5.4. Hetgeen onder 5.3 is beslist brengt mede dat nog uitsluitend moet worden beslist in hoeverre het overdrachtsverlies op de gronden onder de vrijstelling valt van artikel 8, letter b, van de Wet, tekst 1983, (de zogenaamde landbouwvrijstelling) en mitsdien bij het bepalen van de winst buiten aanmerking moet blijven.
5.5. Belanghebbende heeft dienaangaande uiteindelijk gesteld dat hij bij de aankoop op 31 oktober 1980 van het perceel groot 3.53.58 ha voor een prijs van rond
ƒ 50.000, -- per ha een bedrag van
ƒ 10.000, -- per ha heeft betaald boven de waarde in het economische verkeer.

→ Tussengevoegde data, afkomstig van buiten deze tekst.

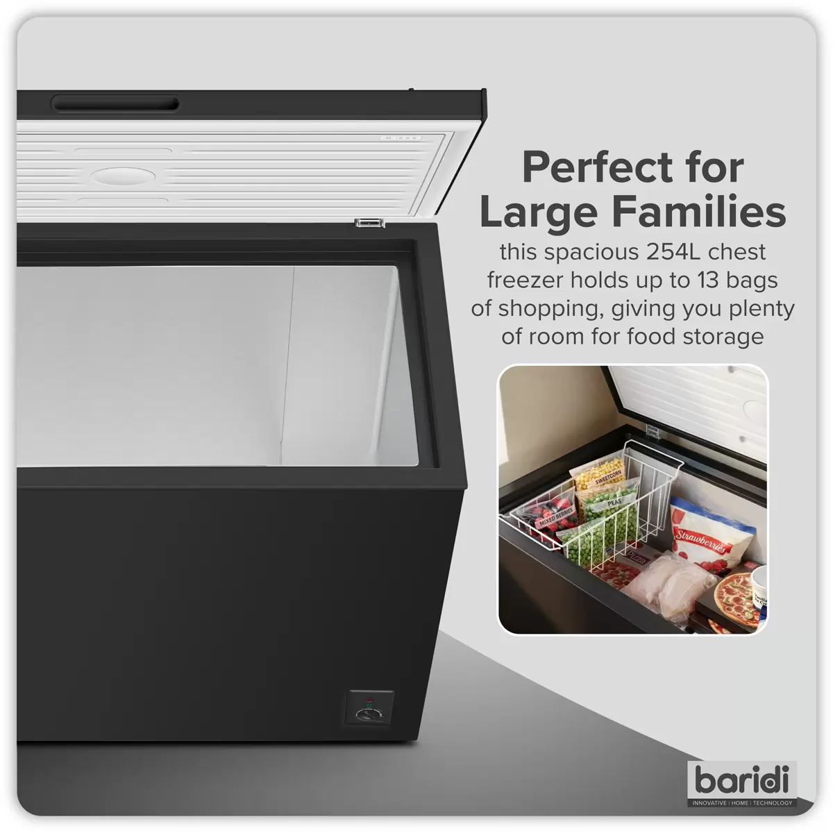 Baridi - DH259 - Baridi Freestanding Chest Freezer 254L Capacity - Black
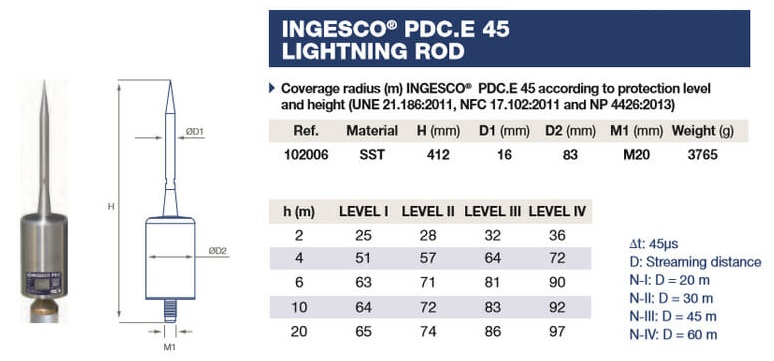 Thông số kỹ thuật Kim Thu Sét Ingesco PDC E45
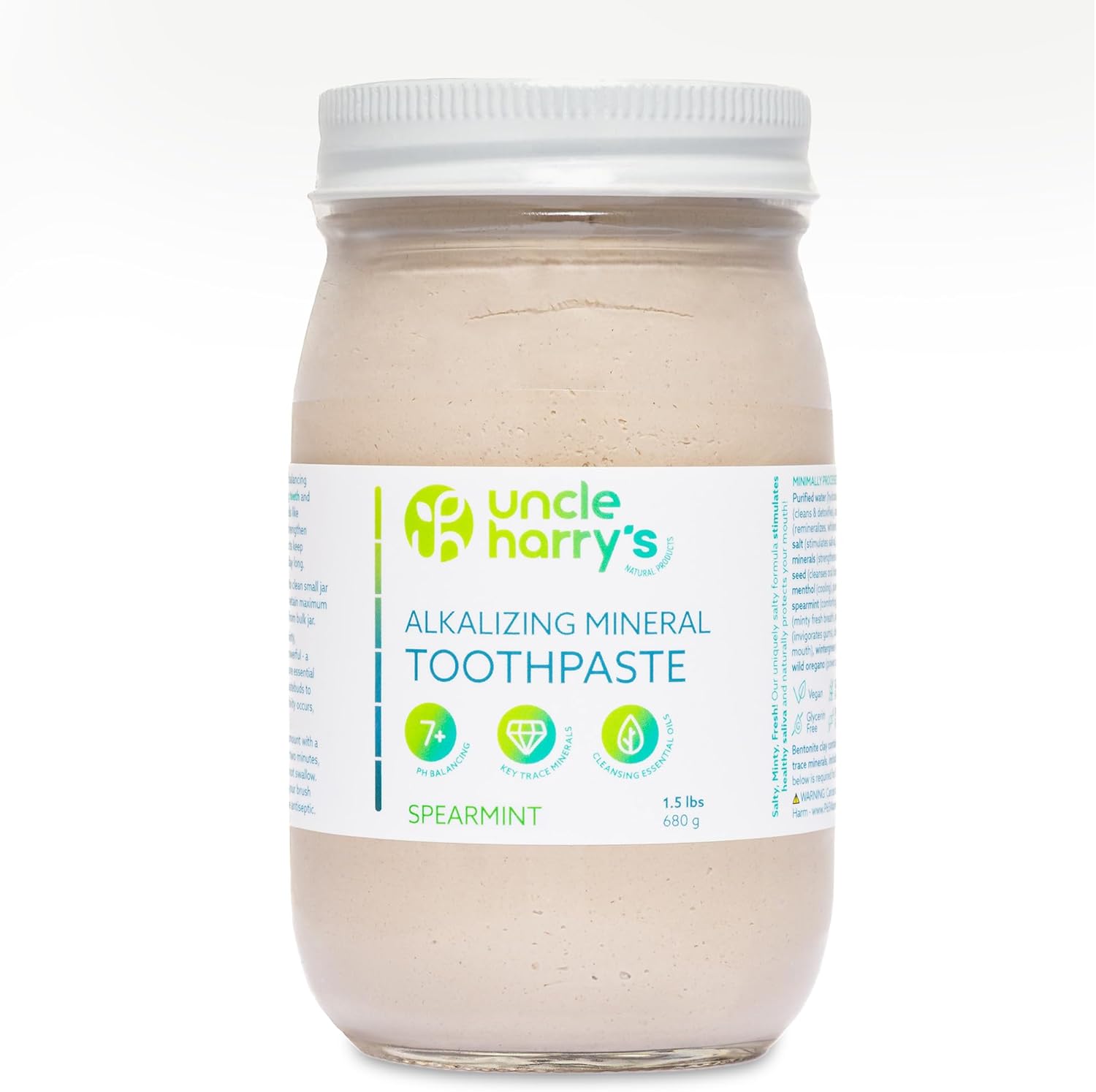 | Active Ingredients | Bentonite clay, calcium carbonate, colloidal silver water, sea salt, alkalizing ionic minerals, mustard seed, natural menthol, pure essential oils of peppermint, eucalyptus, clove, cinnamon, wintergreen, and oregano. Vegan. Free from gluten, glycerin, fluoride, and sweeteners. Leaping Bunny Certified. |

Als verklaring voor deze te hoge prijs heeft hij aangevoerd dat het nieuw te verwerven perceel zeer gunstig lag ten opzichte van de bestaande boerderij, waardoor hij zich bij deze transactie heeft laten leiden door het motto: "buurmans land is slechts één keer te koop". Tegen de achtergrond van de onder 3.9 vermelde prijzen per hectare welke in elk van de jaren 1980 tot en met 1983 gemiddeld zijn betaald voor gronden op het hele eiland [R] acht het Hof een en ander aannemelijk.
5.6. Hetgeen is beslist onder 5.5 betekent dat het verschil tussen de boekwaarde van het perceel van 3.53.58 ha en de bij de overdracht daaraan toegekende waarde, tot een bedrag van ƒ 35.358, -- (3.53.58 ha à ƒ 10.000, -- /ha) niet kan worden toegeschreven aan waardeverandering van de grond. Op het door belanghebbende ter zake geleden verlies, de helft van f 35.358, -- is mitsdien de landbouwvrijstelling niet van toepassing. Dit bedrag moet bij de berekening van overdrachtsverlies in aanmerking worden genomen. Het Hof verwerpt derhalve het met betrekking tot de toepassing van de vrijstelling door de Inspecteur primair verdedigde standpunt.
5.7. Ter zitting heeft de gemachtigde van belanghebbende verklaard zich te kunnen verenigen met het door de Inspecteur met betrekking tot de toepassing van de vrijstelling subsidiair verdedigde standpunt, dat wil zeggen een in de uitoefening van het bedrijf ontstaan verlies van f 10.000, -- per ha voor het perceel van 3.53.58 ha. Het Hof heeft deze stellingname aldus begrepen dat belanghebbende enerzijds verdedigt dat enerzijds de ƒ 10.000, -- per ha als in de uitoefening van het bedrijf geleden verlies aftrekbaar is, doch dat anderzijds er geen reden bestaat het aftrekbaar verlies te verhogen in verband met in de waarde van het perceel van 1.26.20 ha begrepen kosten van grondverbetering en wegens de afzonderlijk geactiveerde drainagekosten.
Deze stellingname, aldus opgevat, leidt tot een lager aftrekbaar verlies dan door de Inspecteur in zijn subsidiair verdedigde standpunt is berekend. Aangezien deze stellingname geen blijk geeft van een juridisch onjuist uitgangspunt volgt het Hof belanghebbende hierin. Het onder de vrijstelling vallende en dus niet aftrekbare verlies kan dan worden berekend op de helft van f 114.352, -- (het verschil tussen de boekwaarde van de gronden en de waarde daarvan bij de overdracht) minus de helft van f 35.358, -- ofwel f 39.497, -- ".
Op die gronden heeft het Hof de uitspraak van de Inspecteur vernietigd en de aanslag verminderd tot een aanslag naar een belastbaar inkomen van f 105.572, -- , geheel te belasten op de voet van de tabel van artikel 53, lid 1, van de Wet op de inkomstenbelasting 1964.